Once you reach the line with "标前引导:客户高层拜访→技术" below, copy each line exactly, stopping after the line with "ÚTIL: este andador", and skip any pictures.

Raw data
== Segment start ==
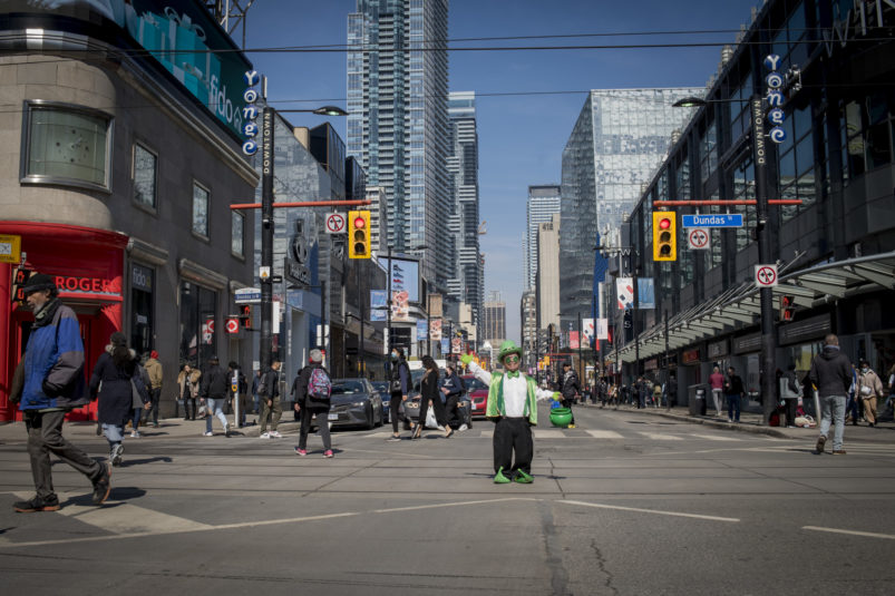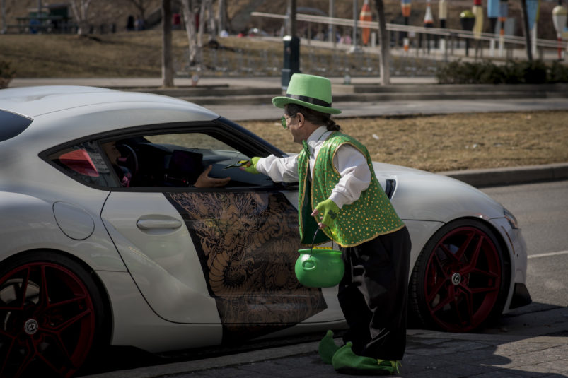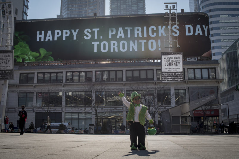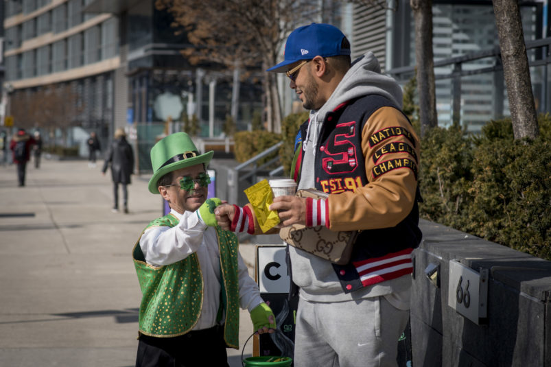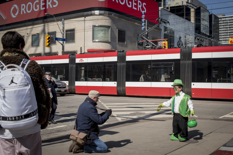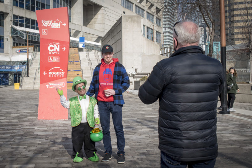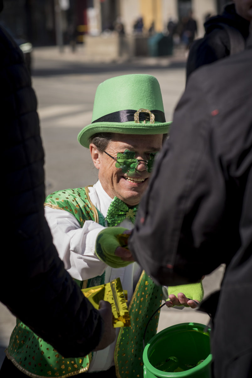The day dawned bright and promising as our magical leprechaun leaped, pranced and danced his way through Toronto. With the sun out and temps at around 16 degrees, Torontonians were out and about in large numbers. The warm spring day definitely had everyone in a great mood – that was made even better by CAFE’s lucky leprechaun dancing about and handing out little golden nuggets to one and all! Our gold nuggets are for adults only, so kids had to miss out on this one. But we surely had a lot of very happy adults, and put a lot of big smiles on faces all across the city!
== Segment end ==
== Segment start ==
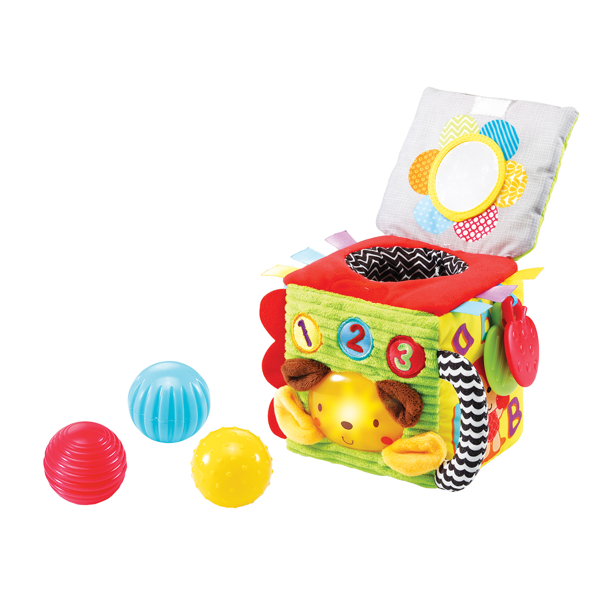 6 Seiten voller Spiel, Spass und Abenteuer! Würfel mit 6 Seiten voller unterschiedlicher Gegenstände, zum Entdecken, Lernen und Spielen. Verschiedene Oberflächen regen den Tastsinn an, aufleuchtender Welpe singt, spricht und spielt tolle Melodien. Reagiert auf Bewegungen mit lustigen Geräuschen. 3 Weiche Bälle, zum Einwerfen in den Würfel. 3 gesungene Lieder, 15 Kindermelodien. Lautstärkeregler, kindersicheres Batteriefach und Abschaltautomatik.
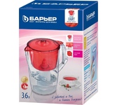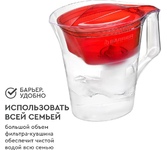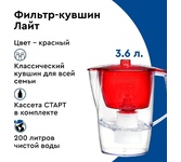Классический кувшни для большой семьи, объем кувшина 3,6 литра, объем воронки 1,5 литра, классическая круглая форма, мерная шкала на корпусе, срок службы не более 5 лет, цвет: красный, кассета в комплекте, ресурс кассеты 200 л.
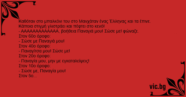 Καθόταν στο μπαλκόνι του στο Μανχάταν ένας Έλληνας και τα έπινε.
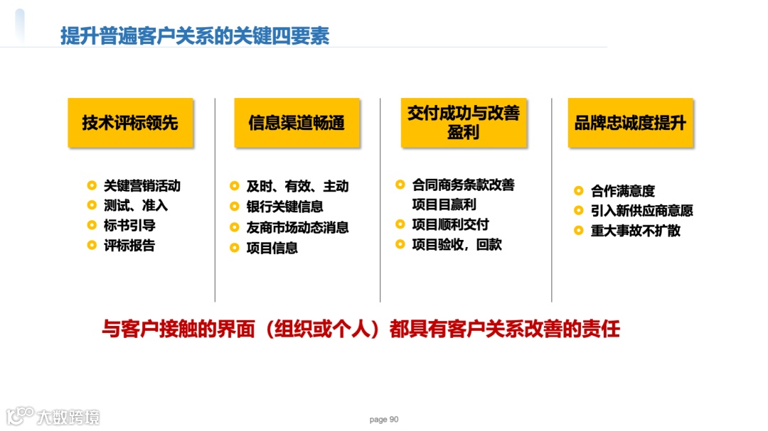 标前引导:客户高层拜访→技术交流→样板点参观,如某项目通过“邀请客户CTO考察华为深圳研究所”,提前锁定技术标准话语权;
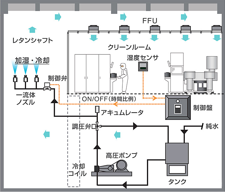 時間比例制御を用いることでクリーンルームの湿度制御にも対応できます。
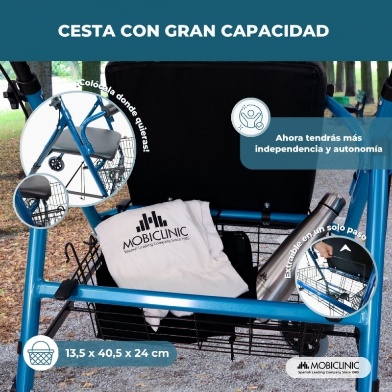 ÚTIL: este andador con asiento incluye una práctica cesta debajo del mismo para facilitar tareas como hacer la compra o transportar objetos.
== Segment end ==
Written response
 标前引导:客户高层拜访→技术交流→样板点参观,如某项目通过“邀请客户CTO考察华为深圳研究所”,提前锁定技术标准话语权;
 時間比例制御を用いることでクリーンルームの湿度制御にも対応できます。
 ÚTIL: este andador con asiento incluye una práctica cesta debajo del mismo para facilitar tareas como hacer la compra o transportar objetos.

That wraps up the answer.